At once, she became a wild cat. Her hands on my shoulders dug into my flesh as her body began to move. Finally, and he feels so grand. Like I thought he would. She bent over me to kiss me again and I couldn't help but to let loose a growl. She felt as good as Bella. An image of my love with her mouth open moaning my name battered me and I closed my eyes.

"Bella.." I whispered.

Tanya stopped and I opened my eyes just as she smacked me. If I was human my jaw would have shattered. Her lip quivered and she looked so disheveled. The same look Bella had given me when I had left her.

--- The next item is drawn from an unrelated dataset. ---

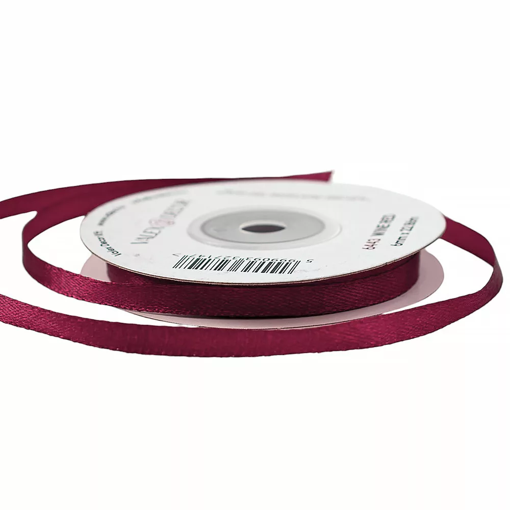 Divatos borvörös selyemfényű szatén szalag.Gyönyörű dekorációs elemként használhatjuk esküvői dekorációként: mint székszoknya masni, asztaldísz, teremdísz, autódísz, szalvétagyűrű. A meghívók díszítéséhez is kitűnő választás a szatén szalag. A virágüzletek elengedhetetlen kelléke, mely a virág vagy virágdoboz díszítéséhez, ajándékcsomagoláshoz is nagyon jó választás. 6mm széles és 22m 86cm hosszúságú selyemfényű szatén díszítő szalag, védőfóliával és papírkoronggal. A szatén szalagok az árai miatt is nagyon közkedveltek. Gazdaságos kiszerelésűek és az egyszerűségük miatt nagyon olcsón megvásárolhatjuk. 5999093327147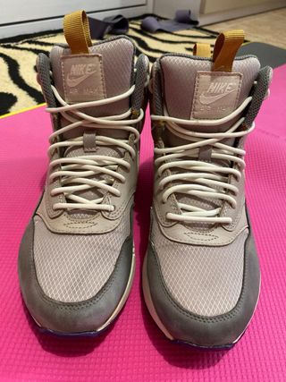 Zapatillas Nike Air Max tipo bota en muy buen estado. Color beige/rosa con suela morada y detalles en mostaza. Muy cómodas y con buena amortiguación Air Max. Perfectas para invierno, caminar o look urbano. Talla 38 (24 cm). ✔️ Suela en muy buen estado ✔️ Interior limpio ✔️ Muy poco uso Las vendo porque ya no las utilizo. Se pueden ver sin compromiso.

I opened my mouth to say something but she refused to listen.

"I hate you!" She spat. "Go! Leave! Go back to Bella." It wasn't all true. She wanted me to stay. But I had used her in the worst way. To forget about someone else. My intentions once sincere turned into a nightmare.

BPOV:

I couldn't breathe. I grabbed for Edward when I screamed from my nightmare. I squinted in the dark. He was no where to be found. I heard Charlie run from his room and knock on my door. I put my hand through my hair. Where was he?

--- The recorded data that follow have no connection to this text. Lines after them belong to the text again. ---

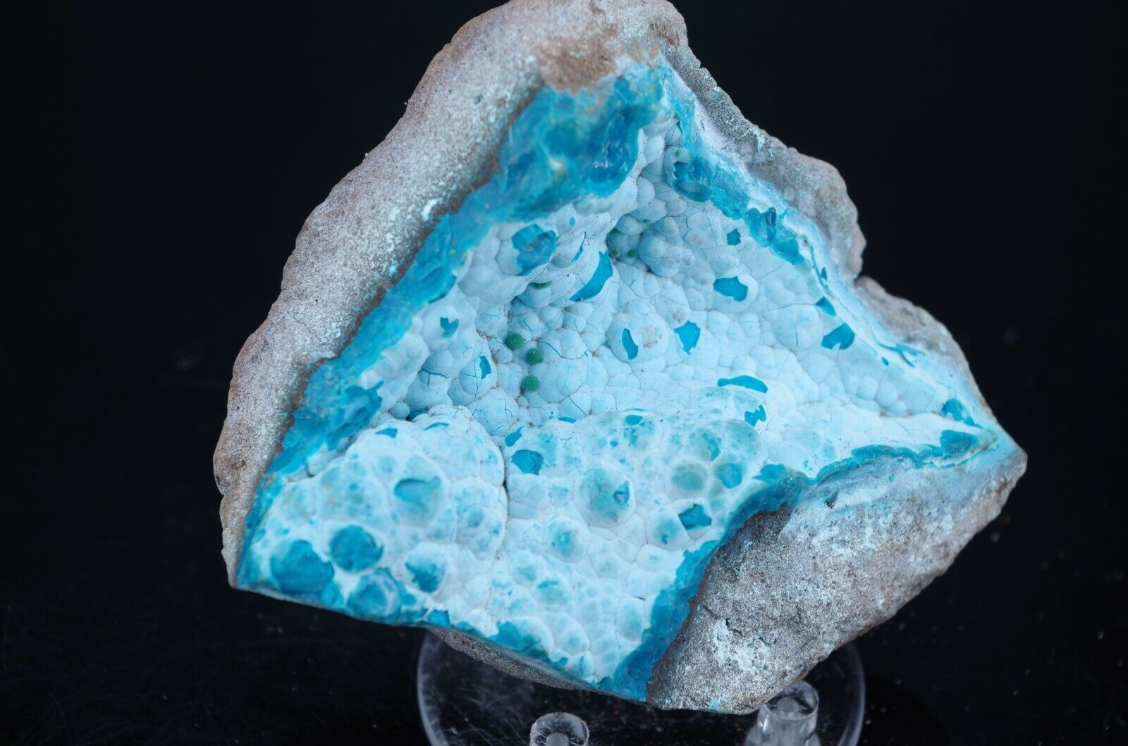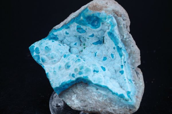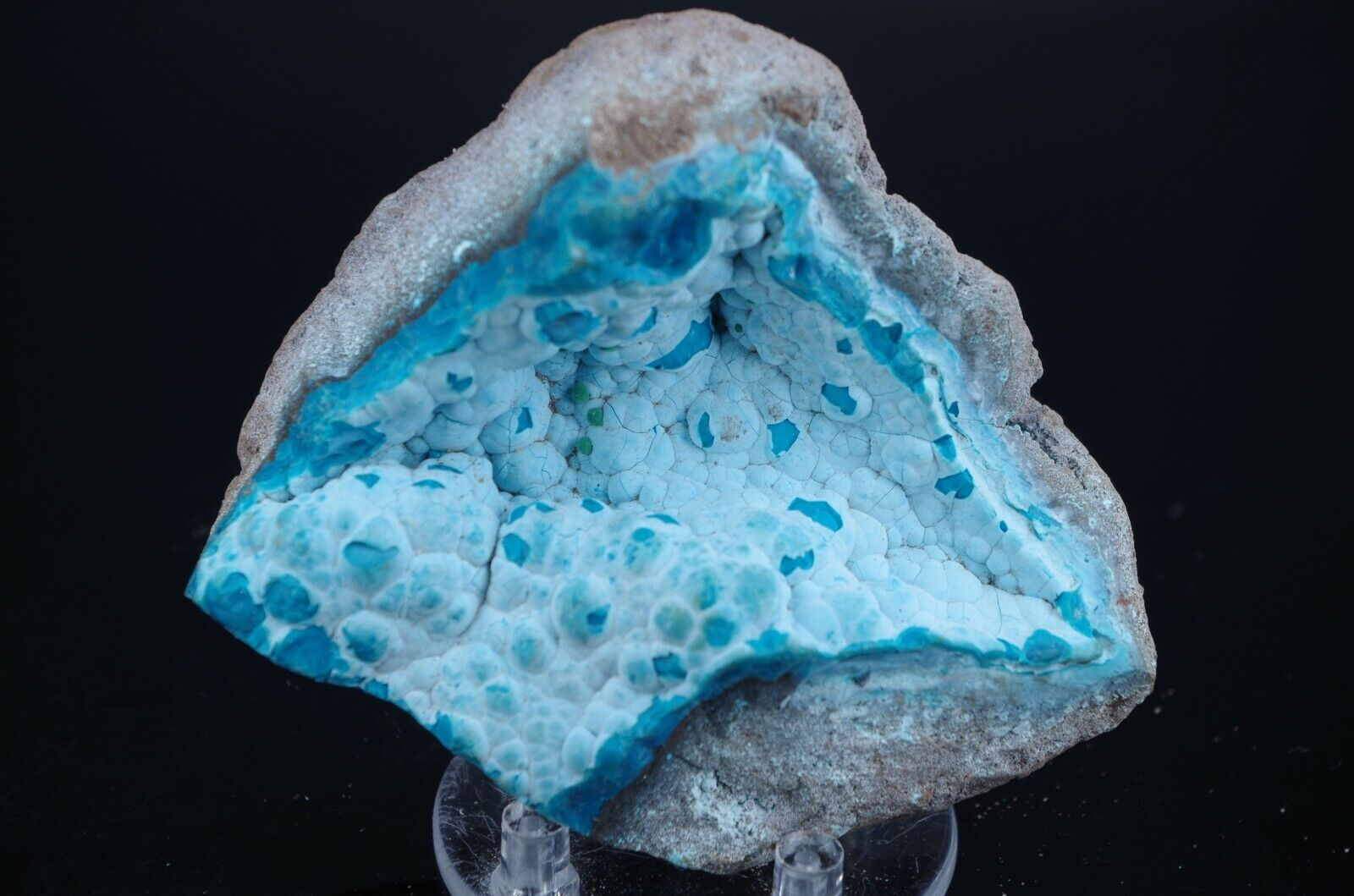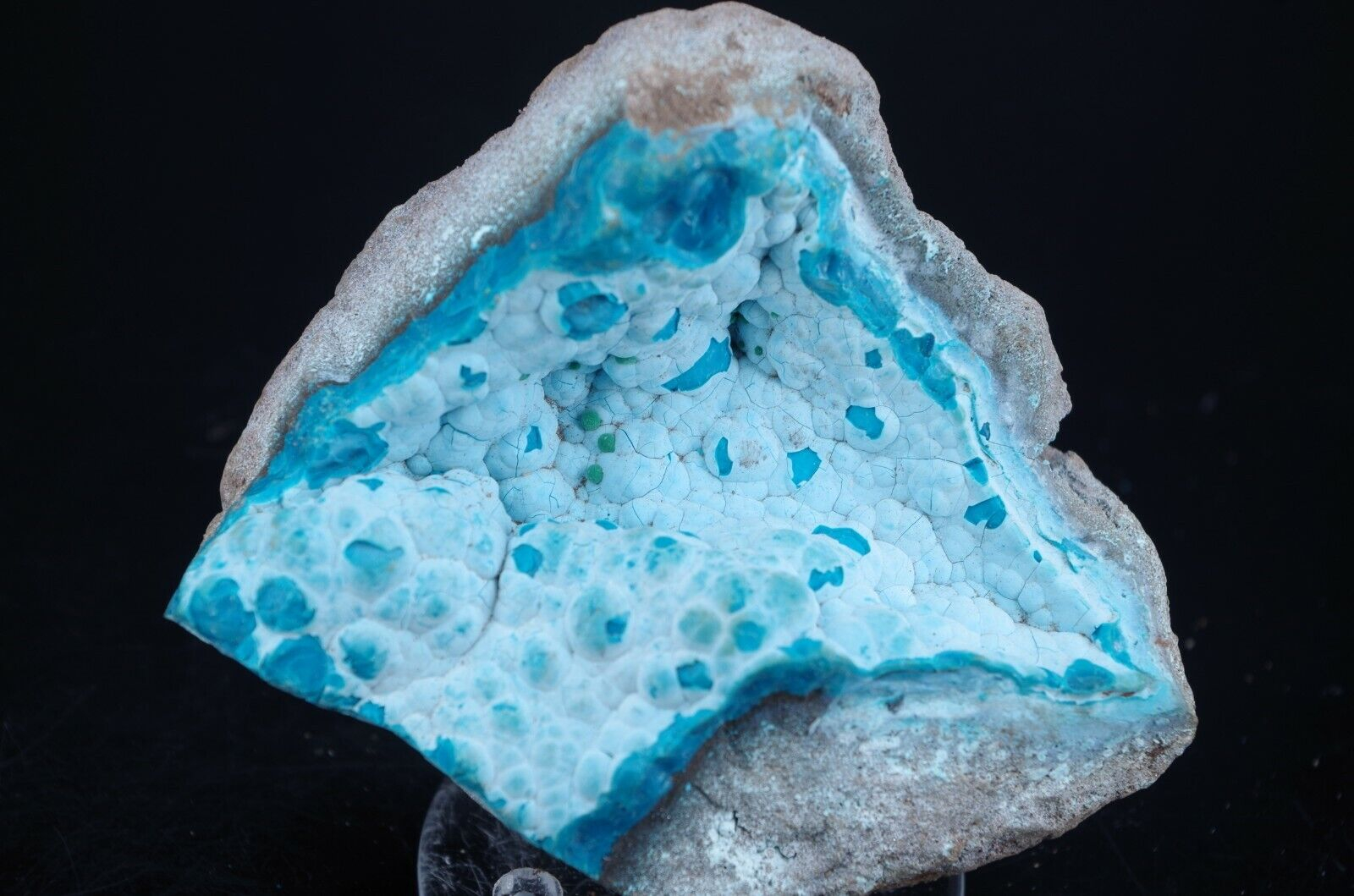 Chrysocolle aux nuances bleu ciel – turquoise tapissant la matrice formant une petite géode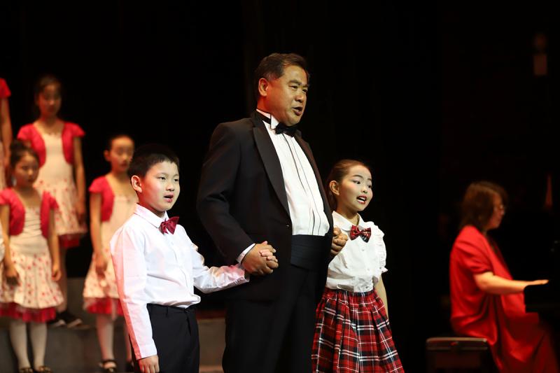 男高音歌唱家劉捷帶著孩子們演唱《我交給媽媽一顆心》。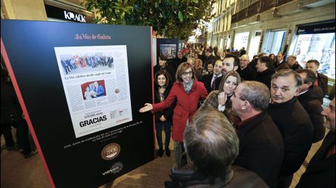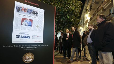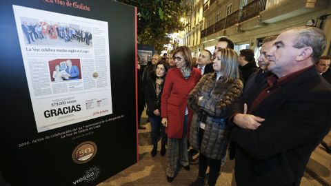 23 dic 2016 . Actualizado a las 13:42 h.La Voz de Galicia está de cumpleaños en Lugo. Hace medio siglo que se puso en marcha la edición provincial, siguiendo un sistema único en el periodismo nacional que acabó convirtiéndose en un gran éxito. Una de las conmenoraciones de esos cincuenta años es una exposición en la Rúa da Raíña 50 imágenes que ya son historia de Lugo y su provincia. A la inauguración acudieron cargos públicos, políticos (varios ediles del Concello), empresarios y personajes de la vida cultural, como Luis García Santalla (responsable de Viesgo en Galicia), Lara Méndez (alcaldesa), Darío Campos (presidente de la Diputación), Ramón Carballo (subdelegado del Gobierno), José Antonio Varela Agrelo (presidente de la Audiencia), José Manuel Rozas (jefe territorial de Vicepresidencia de la Xunta), Álvaro Santos (vicepresidente de la Diputación), Walter Álvarez (director territorial de Abanca Lugo), David Fernández (presidente de Lugo Monumental), José Reigosa (presidente de Aspnais), Ramón Ares (gerente del HULA), César Carnero (responsable de Patrimonio del Obispado), Adolfo de Abel Vilela (historiador) o Pablo Núñez (escritor), además de colaboradores de La Voz de Galicia.

"Bells? You alright in there?" The worry emanated from his voice.

"Uh..yea, Dad." I went to the door and peered out. "Just a nightmare."

Relief consumed him. "You scared the crap out of me. As usual."

"Yea, well, I'm alright now."

"Get some sleep. You've got school in a few hours."

"I will. Thanks." I shut the door and ran to the dresser to grab my cell phone.

"Looking for me…"

I jumped. He was always startling someone. My phone landed back on the dresser.

"Where'd you go?" I eyed him suspiciously. He looked as if he were guilty of something.

"I needed to go.. You were having nightmares. I was hurting you in them."

I lowered my eyes. Indeed, I had been having horrific nightmares of him killing me, or leaving again, or leaving to be with someone else..

"I take it I was talking in my sleep again."

His face fell, "We need to talk."

"Don't. Not now. Don't do this now. I know what you are going to say." My voice rose a few octaves in hysteria. "After school. Just for now..hold me."

The stupid tears were about to erupt again. I felt suffocated. Was I even breathing? My legs went weak and I swayed. He was going to leave me. I wasn't good enough for him. Just clumsy. Clumsy Bella. I felt like I was floating. His concerned face was fading away into the night, just like in my dream. I lost the fight against the darkness and fainted.